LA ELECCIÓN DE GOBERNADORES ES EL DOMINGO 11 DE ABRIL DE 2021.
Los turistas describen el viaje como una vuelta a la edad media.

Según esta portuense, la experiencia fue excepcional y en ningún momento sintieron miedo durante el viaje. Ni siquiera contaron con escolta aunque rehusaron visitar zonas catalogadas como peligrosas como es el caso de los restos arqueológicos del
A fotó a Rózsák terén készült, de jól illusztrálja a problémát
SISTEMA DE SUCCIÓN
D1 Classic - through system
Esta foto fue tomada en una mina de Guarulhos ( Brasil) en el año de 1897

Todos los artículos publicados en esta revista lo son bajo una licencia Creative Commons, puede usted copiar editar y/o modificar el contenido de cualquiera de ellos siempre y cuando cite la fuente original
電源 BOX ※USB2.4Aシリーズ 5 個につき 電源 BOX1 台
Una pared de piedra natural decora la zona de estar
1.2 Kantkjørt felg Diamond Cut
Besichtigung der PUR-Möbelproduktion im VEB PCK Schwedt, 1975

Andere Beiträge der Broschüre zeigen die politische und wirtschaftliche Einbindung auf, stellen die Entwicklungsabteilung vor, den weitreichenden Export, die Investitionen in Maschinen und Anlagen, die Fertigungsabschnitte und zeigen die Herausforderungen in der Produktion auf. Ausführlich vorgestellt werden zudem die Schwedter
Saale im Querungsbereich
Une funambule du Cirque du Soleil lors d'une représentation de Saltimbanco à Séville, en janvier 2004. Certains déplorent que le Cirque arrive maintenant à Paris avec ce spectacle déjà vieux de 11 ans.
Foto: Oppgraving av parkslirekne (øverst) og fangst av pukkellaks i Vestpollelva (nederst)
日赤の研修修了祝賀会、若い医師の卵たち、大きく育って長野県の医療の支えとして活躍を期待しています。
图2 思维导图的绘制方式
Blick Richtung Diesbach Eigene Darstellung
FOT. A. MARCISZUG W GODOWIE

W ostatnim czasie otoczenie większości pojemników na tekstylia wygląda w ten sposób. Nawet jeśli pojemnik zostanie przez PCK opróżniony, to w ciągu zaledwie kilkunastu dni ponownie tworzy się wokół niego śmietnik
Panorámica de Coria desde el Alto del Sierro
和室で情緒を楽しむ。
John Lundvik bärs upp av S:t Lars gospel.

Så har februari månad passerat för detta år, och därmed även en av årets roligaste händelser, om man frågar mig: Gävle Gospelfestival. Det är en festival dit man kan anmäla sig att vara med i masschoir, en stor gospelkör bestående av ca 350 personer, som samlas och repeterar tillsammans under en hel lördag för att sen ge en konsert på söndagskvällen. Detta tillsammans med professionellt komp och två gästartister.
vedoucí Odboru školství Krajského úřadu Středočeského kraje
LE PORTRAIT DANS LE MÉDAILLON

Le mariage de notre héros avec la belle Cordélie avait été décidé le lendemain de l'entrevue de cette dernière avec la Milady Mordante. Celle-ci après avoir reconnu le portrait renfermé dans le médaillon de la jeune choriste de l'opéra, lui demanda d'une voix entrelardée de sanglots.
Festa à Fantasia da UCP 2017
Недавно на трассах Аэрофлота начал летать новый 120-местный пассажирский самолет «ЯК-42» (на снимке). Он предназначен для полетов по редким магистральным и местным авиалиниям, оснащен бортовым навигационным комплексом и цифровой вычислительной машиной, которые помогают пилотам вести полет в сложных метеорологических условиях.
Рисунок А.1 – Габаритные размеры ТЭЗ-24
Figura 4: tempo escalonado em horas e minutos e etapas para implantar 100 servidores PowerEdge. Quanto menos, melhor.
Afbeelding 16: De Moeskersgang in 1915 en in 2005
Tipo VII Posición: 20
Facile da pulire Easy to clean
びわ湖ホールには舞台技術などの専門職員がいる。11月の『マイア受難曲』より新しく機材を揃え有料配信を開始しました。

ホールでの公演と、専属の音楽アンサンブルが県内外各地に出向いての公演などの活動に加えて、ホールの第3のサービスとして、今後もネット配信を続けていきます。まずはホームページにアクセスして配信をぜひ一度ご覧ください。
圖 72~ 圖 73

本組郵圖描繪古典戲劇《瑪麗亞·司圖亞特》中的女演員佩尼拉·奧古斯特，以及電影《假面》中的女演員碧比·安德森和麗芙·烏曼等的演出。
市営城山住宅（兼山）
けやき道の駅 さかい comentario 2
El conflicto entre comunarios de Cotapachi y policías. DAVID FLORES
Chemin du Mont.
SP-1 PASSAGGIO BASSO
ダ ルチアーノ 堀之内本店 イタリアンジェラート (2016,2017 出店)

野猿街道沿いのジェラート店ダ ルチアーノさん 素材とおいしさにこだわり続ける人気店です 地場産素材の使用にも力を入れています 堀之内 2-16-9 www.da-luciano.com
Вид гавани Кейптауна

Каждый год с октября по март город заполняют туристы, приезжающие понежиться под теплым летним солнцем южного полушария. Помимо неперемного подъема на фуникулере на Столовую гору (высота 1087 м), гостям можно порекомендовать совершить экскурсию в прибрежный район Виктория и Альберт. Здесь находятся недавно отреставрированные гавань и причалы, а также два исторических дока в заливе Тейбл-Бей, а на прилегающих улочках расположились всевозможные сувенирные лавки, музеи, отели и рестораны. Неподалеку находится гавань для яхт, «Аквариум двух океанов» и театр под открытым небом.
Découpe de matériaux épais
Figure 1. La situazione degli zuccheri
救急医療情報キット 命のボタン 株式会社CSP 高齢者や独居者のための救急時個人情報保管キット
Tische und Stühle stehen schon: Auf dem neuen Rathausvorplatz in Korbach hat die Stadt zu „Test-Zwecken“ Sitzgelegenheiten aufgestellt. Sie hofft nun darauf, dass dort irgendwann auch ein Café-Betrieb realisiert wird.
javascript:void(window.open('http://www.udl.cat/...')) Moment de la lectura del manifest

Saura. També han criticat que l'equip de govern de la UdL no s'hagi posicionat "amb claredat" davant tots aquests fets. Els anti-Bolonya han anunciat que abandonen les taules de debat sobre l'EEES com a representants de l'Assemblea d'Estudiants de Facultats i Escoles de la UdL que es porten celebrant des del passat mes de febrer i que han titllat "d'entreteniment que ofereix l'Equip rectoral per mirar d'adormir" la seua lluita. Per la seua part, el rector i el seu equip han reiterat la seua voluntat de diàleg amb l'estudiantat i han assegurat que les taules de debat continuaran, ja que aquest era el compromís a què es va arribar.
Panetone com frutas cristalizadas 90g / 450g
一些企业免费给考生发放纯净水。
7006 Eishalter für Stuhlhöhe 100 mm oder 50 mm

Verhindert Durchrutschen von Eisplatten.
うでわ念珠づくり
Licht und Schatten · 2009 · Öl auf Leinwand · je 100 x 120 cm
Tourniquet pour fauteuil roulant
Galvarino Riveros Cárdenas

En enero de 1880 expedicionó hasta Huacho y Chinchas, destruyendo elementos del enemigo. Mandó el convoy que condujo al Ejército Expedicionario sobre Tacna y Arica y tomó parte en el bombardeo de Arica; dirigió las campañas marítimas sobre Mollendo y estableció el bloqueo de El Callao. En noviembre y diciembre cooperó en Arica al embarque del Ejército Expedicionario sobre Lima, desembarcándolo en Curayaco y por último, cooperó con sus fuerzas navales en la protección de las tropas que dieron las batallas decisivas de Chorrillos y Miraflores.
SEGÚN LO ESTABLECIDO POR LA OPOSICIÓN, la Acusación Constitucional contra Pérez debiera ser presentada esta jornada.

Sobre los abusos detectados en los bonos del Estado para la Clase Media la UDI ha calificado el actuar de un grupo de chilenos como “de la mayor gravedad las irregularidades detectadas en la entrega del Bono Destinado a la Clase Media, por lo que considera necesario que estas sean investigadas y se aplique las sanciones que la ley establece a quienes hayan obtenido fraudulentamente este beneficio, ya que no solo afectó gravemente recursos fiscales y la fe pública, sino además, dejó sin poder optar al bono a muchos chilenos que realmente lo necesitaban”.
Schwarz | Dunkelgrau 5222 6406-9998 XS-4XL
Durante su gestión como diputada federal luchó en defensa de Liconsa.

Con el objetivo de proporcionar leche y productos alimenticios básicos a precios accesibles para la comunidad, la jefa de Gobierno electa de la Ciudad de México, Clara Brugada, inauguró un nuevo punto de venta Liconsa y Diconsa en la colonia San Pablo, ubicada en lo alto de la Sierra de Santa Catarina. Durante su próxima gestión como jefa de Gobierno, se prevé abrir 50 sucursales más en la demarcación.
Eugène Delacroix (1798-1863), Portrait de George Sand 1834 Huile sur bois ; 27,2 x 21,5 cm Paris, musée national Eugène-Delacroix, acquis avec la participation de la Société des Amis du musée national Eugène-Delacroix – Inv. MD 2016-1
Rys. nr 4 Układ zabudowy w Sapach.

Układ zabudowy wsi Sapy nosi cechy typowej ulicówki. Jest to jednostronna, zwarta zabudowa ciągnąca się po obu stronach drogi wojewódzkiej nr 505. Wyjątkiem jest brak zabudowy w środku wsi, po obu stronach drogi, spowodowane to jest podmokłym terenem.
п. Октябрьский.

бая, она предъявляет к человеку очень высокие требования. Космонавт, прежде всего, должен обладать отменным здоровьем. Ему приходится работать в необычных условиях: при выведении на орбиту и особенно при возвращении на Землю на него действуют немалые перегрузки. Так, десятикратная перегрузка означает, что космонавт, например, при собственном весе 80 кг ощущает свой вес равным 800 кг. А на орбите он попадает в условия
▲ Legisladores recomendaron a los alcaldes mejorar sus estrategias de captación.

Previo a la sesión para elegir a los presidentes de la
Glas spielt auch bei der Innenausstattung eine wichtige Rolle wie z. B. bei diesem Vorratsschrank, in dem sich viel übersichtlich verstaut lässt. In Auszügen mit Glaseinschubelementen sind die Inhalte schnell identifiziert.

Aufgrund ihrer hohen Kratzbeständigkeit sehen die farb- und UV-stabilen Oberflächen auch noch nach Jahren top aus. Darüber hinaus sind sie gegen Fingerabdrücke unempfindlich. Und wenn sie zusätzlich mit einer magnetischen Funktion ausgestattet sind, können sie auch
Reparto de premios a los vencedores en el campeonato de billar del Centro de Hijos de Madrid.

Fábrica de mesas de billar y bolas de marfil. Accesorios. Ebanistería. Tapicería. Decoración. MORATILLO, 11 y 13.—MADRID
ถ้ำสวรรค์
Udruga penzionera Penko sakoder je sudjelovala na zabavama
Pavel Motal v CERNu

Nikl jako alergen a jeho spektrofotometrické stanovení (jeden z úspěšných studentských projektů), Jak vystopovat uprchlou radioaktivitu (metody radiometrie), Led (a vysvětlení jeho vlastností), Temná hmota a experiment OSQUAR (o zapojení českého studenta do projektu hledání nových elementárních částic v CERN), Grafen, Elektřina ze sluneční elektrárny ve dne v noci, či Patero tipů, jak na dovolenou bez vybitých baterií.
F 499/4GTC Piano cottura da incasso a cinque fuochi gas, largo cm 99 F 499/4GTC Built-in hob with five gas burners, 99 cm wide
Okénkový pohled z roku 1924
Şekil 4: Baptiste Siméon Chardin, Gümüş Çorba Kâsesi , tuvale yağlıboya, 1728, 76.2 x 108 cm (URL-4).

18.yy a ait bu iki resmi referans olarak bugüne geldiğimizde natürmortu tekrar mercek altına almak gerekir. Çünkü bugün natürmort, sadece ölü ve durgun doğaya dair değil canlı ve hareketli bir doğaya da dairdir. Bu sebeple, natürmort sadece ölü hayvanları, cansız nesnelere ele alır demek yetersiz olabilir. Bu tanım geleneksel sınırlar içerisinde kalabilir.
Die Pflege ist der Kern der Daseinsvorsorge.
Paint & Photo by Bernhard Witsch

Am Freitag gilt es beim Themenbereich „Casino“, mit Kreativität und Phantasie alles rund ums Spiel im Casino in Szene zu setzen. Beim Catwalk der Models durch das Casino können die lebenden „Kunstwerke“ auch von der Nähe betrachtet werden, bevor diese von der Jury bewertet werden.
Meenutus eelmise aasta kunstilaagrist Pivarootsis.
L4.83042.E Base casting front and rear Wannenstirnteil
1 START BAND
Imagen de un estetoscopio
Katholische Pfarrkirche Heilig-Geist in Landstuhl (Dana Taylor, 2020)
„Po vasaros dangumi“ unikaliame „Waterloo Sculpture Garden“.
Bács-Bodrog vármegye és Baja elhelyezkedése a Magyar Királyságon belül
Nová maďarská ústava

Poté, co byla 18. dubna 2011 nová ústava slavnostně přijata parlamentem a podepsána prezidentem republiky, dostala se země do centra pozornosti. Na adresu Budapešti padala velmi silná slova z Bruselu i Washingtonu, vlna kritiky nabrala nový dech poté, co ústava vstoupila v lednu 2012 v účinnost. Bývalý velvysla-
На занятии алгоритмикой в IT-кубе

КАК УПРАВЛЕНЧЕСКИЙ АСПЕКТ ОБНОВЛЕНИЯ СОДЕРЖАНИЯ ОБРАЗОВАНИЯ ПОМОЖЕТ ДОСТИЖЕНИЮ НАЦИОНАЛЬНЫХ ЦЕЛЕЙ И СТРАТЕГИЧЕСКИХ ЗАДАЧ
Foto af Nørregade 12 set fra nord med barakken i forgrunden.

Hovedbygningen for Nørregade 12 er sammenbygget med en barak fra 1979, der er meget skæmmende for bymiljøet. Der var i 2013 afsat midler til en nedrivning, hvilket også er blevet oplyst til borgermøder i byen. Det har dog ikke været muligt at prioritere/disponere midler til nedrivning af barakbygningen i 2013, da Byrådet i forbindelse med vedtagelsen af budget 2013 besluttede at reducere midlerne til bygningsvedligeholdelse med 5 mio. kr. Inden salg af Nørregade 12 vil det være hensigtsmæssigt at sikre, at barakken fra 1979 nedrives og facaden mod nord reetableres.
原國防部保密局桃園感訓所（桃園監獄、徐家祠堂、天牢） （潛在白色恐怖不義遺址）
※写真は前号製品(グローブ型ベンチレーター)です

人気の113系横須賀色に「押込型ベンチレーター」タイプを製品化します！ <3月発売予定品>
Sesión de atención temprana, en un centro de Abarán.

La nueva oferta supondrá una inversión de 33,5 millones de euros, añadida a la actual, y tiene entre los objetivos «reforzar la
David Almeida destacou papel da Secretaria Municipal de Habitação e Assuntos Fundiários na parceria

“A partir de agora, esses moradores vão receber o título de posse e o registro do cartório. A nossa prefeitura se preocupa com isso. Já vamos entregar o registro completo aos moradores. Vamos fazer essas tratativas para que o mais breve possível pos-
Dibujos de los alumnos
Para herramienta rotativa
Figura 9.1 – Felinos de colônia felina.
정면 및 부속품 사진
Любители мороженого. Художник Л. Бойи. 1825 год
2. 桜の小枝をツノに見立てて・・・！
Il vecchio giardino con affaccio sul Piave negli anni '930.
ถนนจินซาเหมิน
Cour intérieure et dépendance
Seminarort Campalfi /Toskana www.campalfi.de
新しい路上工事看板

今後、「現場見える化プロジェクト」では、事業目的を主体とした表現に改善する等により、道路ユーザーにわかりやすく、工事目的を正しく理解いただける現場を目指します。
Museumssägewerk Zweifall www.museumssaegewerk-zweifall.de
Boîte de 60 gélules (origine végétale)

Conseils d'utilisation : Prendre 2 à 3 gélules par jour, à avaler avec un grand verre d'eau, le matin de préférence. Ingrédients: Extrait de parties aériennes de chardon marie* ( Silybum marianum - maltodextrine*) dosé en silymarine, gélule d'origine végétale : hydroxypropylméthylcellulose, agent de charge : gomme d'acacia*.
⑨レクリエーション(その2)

## WHAT THE TASK REQUIRES
Return, word for word, the lines of the data above from the line with "SP-1 PASSAGGIO BASSO" through the line with "救急医療情報キット 命のボタン 株式会社CSP", inclusive.

## ANSWER AREA
SP-1 PASSAGGIO BASSO
ダ ルチアーノ 堀之内本店 イタリアンジェラート (2016,2017 出店)

野猿街道沿いのジェラート店ダ ルチアーノさん 素材とおいしさにこだわり続ける人気店です 地場産素材の使用にも力を入れています 堀之内 2-16-9 www.da-luciano.com
Вид гавани Кейптауна

Каждый год с октября по март город заполняют туристы, приезжающие понежиться под теплым летним солнцем южного полушария. Помимо неперемного подъема на фуникулере на Столовую гору (высота 1087 м), гостям можно порекомендовать совершить экскурсию в прибрежный район Виктория и Альберт. Здесь находятся недавно отреставрированные гавань и причалы, а также два исторических дока в заливе Тейбл-Бей, а на прилегающих улочках расположились всевозможные сувенирные лавки, музеи, отели и рестораны. Неподалеку находится гавань для яхт, «Аквариум двух океанов» и театр под открытым небом.
Découpe de matériaux épais
Figure 1. La situazione degli zuccheri
救急医療情報キット 命のボタン 株式会社CSP 高齢者や独居者のための救急時個人情報保管キット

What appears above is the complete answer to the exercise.